Old age pension is calculated by using the following formula:
P = K/G : 12
P – monthly pension;
K – pension capital of the insured person registered in the person’s account and updated according to the provisions of the Cabinet Regulation No. 205 “Procedures for the Calculation of the Insurance Contribution Wage Index and Updating of the Old-Age Pension Capital” of 27 March 2007, taking into account the annual indices of insurance contribution wage.
For persons who have accrued funded pension capital, it is added to the pension capital (K) at the request of the insured person.
G – period (in years), for which the payment of old age pensions is planned as of the year of granting the pension.
For persons with the insurance period until 1996, also the original pension capital is determined that is added to the calculated pension capital (K).

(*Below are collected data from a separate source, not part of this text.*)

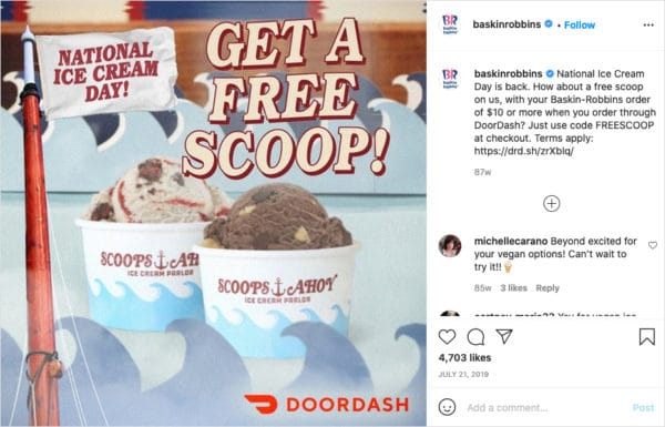 Special offers or discounts can get customers through the door on national days. Baskin-Robbins created quite the stir on National Ice Cream Day #nationalicecreamday by giving away a free scoop. With each Baskin-Robbin’s purchase of $10 or more made through DoorDash, a free scoop was added when the customer included offer code FREESCOOP. This promotion not only made ice cream lovers drool, it also spread awareness of Baskin-Robbin’s delivery options through DoorDash.
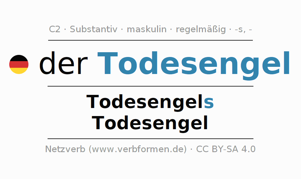 - Singular: der Todesengel, des Todesengels, dem Todesengel, den Todesengel
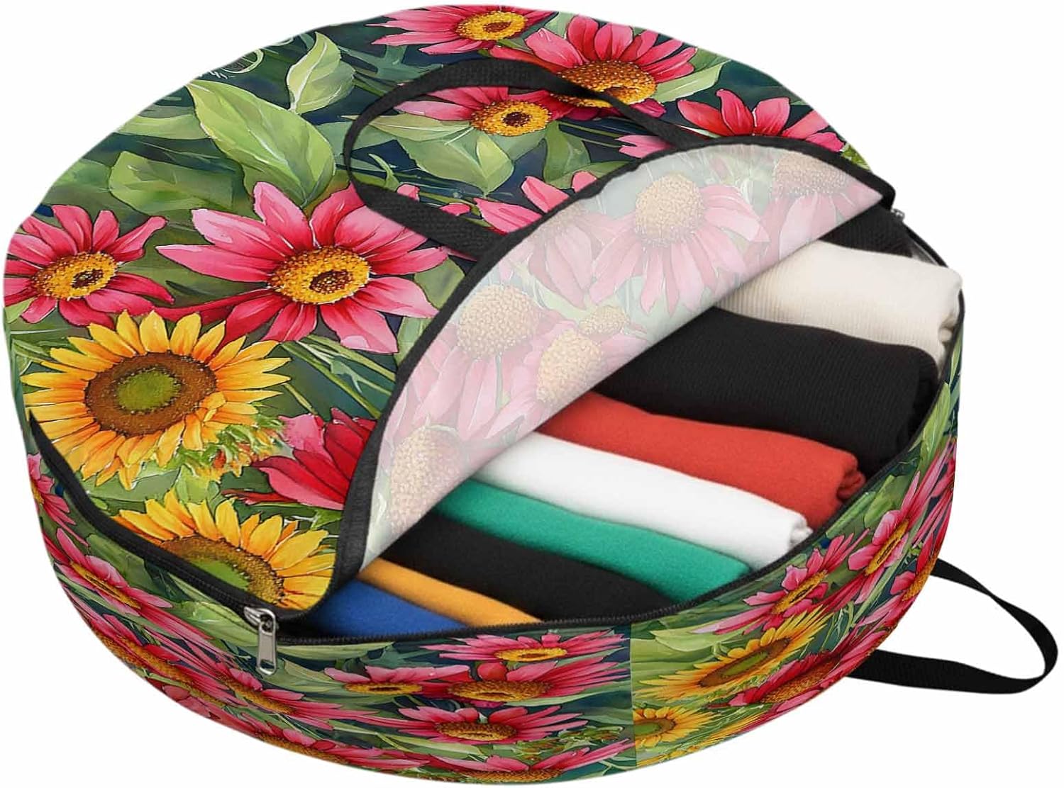 Reclaim Your Closet Space with the Round Storage Solution! Material: polyester Diameters: 24 inch, 30 inch, 36 inch Depth: 7 inches Package Includes: Round Storage Bag One Bag, Endless Possibilities: Whether you are swapping out your summer wardrobe, moving into a new dorm, or packing away holiday decorations, this bag has you covered. The circular design is uniquely suited for: Bedding: Comforters, quilts, sheet sets, and oversized pillows. Clothing: Winter coats, sweaters, and bulky ski gear. Home Decor: Holiday wreaths, garlands, and floral arrangements. Outdoor Gear: Camping blankets, sleeping bags, and beach towels. Dual Zippers: The high quality double zipper design allows the closet organizer to open wide from both sides, making it effortless to load and unload even the bulkiest comforters or wreaths. Reinforced Handles: Sturdy, reinforced handles are securely stitched to provide extra strength and a comfortable grip when carrying heavy loads or pulling the bag from under a bed. Clear Label Pocket: A transparent built-in label holder allows you to quickly identify the contents of each bag without ever having to unzip it, keeping your storage perfectly organized.
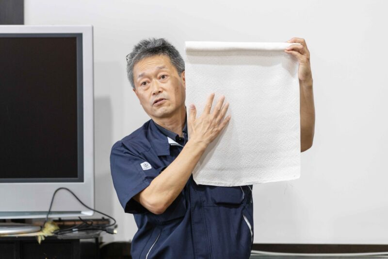 田勇機業株式会社代表取締役社長の田茂井勇人氏は、先代が「日向ぼっこの空間」に協力していて昭男さんと交流があった。工場の中で丹後ちりめんの話を聞く。同じ白生地でも、糸の撚りや柄の有無などで、まったく異なる表情がある。それを作りだすのは、機道具と工場で働く職人さんたちであり、「音 気 楽 団」が奏でようとしている音のイメージと重なった。
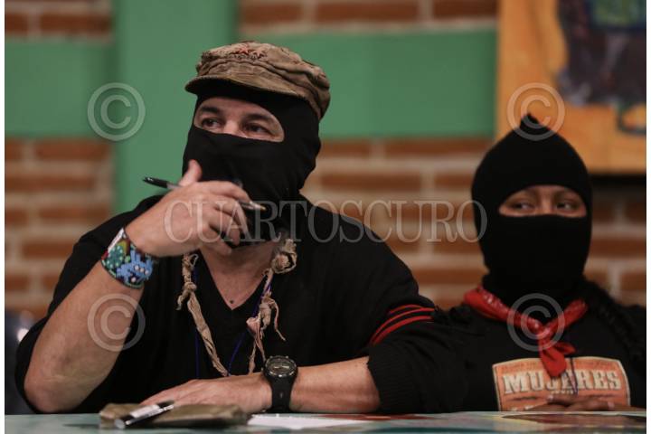 SAN CRISTÓBAL DE LAS CASAS, CHIAPAS, 17ABRIL2018.- El Subcomandante Insurgente Galeano, durante el segundo día del conversatorio "Miradas, escuchas, palabras: ¿prohibido pensar?", encuentro entre el Concejo Indígena de Gobierno, las redes de apoyo del CIG, periodistas y artistas y el Ejército Zapatista de Liberación Nacional (EZLN) para hacer una evaluación sobre el recorrido y la participación del CIG y Marichuy como aspirante a candidata independiente. FOTO: DALIRI OROPEZA /CUARTOSCURO.COM
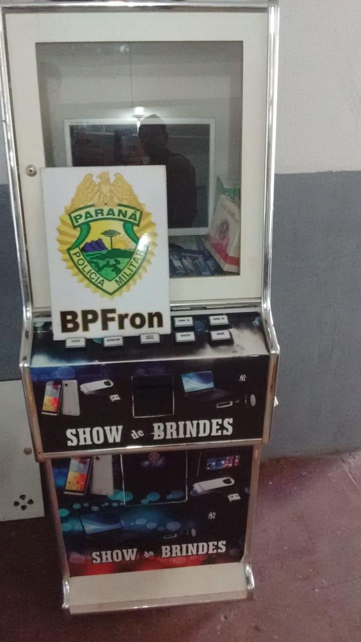 Os Policiais Militares do BPFron deslocaram-se até o endereço informado e realizaram a apreensão do equipamento e o proprietário do local responderá por manter tal ilegalidade nas dependências do estabelecimento.
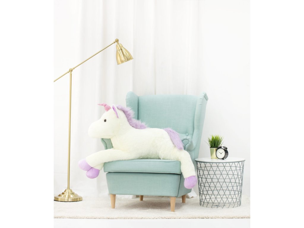 Nagy plüss egyszarvú Bruno minden gyermek álma. Kiváló minőségű és puha anyagból készült és nagyon jól meg van töltve kiváló minőségű plüssel, méretével minden gyermeket elbűvöl és vonz majd, de minden bizonnyal a barátnőnek is fog tetszeni születésnapi ajándékként vagy például Valentin-napra. Az egyszarvú magassága 120 cm.
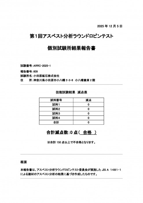 第1回アスベスト分析ラウンドロビンテストに合格しました
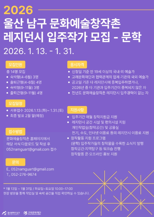 [무한뉴스=최진수 기자] 고래문화재단이 운영하는 울산 남구 문화예술창작촌이 2026년도 레지던시 사업에 참여할 입주작가를 1월 13일부터 1월 31일까지 공개 모집한다.
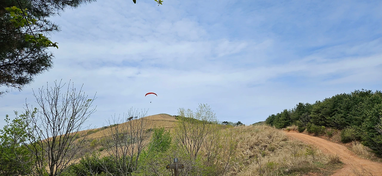 ATV체험장 입구에는 등산객과 ATV가 부딪히지 않도록 등산로는 능선을 따라 걷도록 되어 있다. 어느 정도 걸으면 길이 합쳐지지만 그것도 한 재미다. 길을 걸으면서 등산로가 어느 것인지 모르겠지만 ATV가 다닌 길을 계속 걷다 보면 끝이 보인다. 그 끝을 따라 걷다 보면 잣나무 숲길이 나타난다. 그 길에서 시원한 음을 맛본다. 걷다 보면 ATV길이 아닌 등산로를 알려주는 표지기가 달려있다. 그 길을 따라가면 된다. 패러글라이딩 활공장을 바로 앞에 두고 등산로를 알려주는 표지기가 있으나 활공장을 올라본다. 그리고 그 활공장에 올라 활공하는 패러글라이딩을 쳐다본다. 그리고 멀리 용문산을 담아본다. 앞에 아무것도 없이 활공장에서 내려다본다. 멀리 양평시내도 보인다.
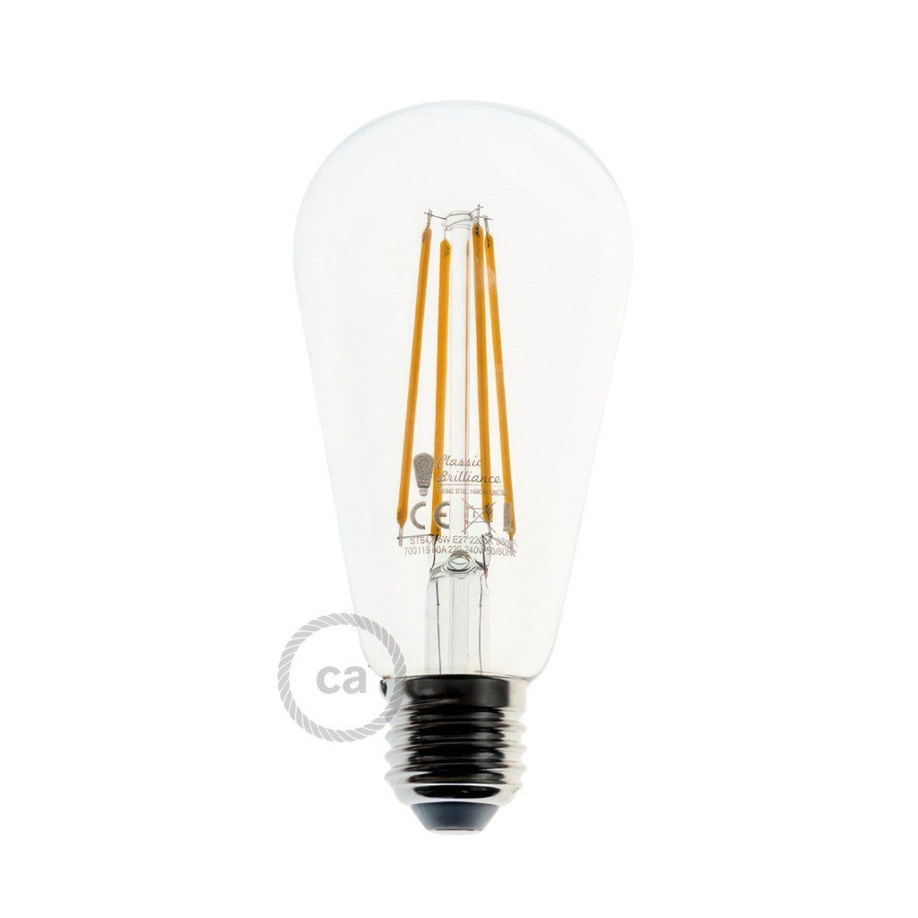 Bulb [BB-T02]: LED, transparent, ST64, 7 W, 806 Lm, 2700 K, E27, E, width 64 mm, height 145 mm, dimmable
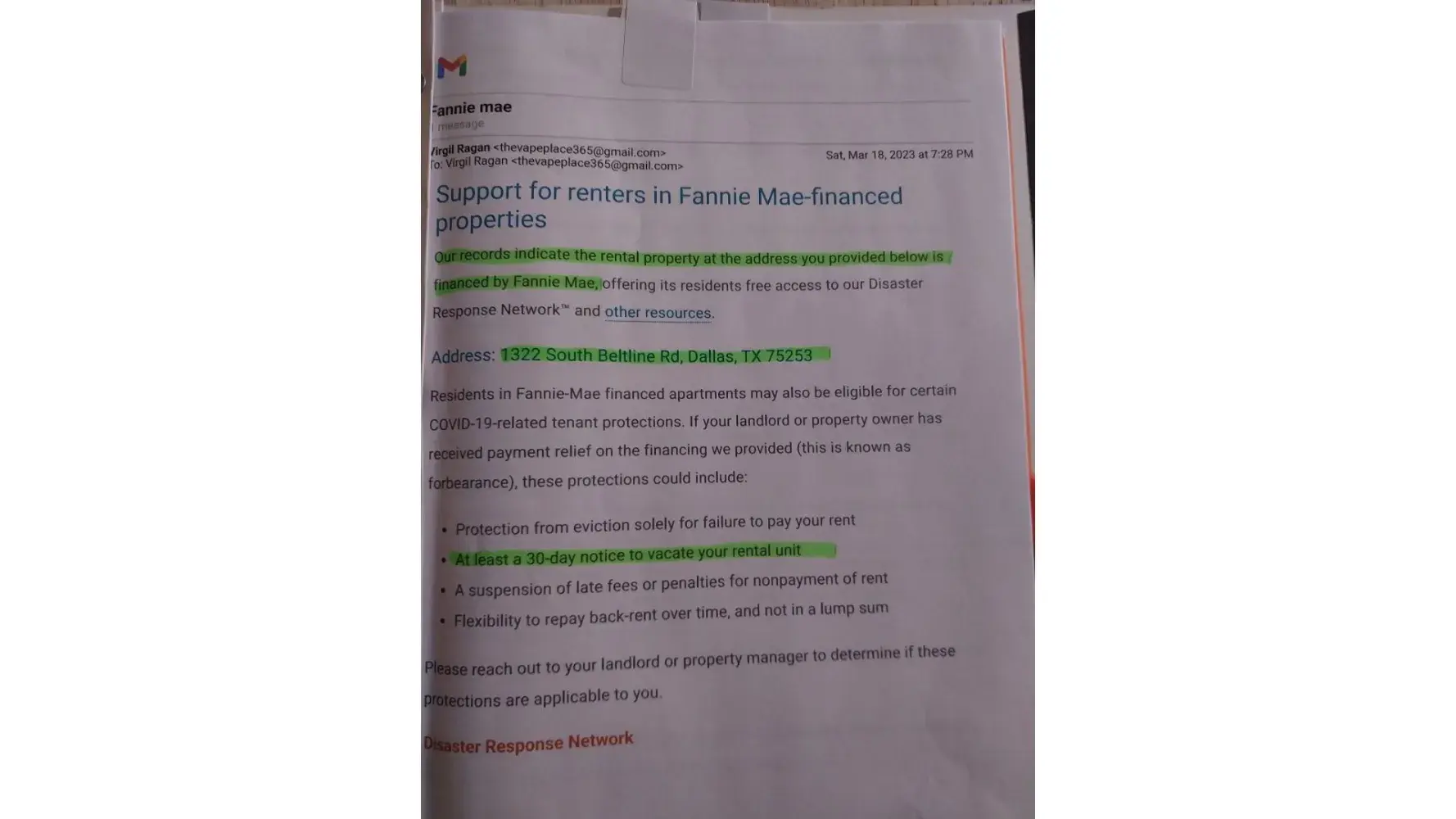 Desired outcome: My deposit and first month's rent back.

Original pension capital is calculated by using the following formula:
Ks = Vi x As x 0.2 x 12
Ks– original capital;
As– the amount of full years of the insurance period until 1995 (included);
Vi – average insurance contribution wage of the insured person for 48 months (updated) for the period from 1996 to 1999 (included). If the insurance contributions have been made for less than 48 months during the said period, the average insurance contribution wage is established by dividing the amount of insurance contribution wage by 48.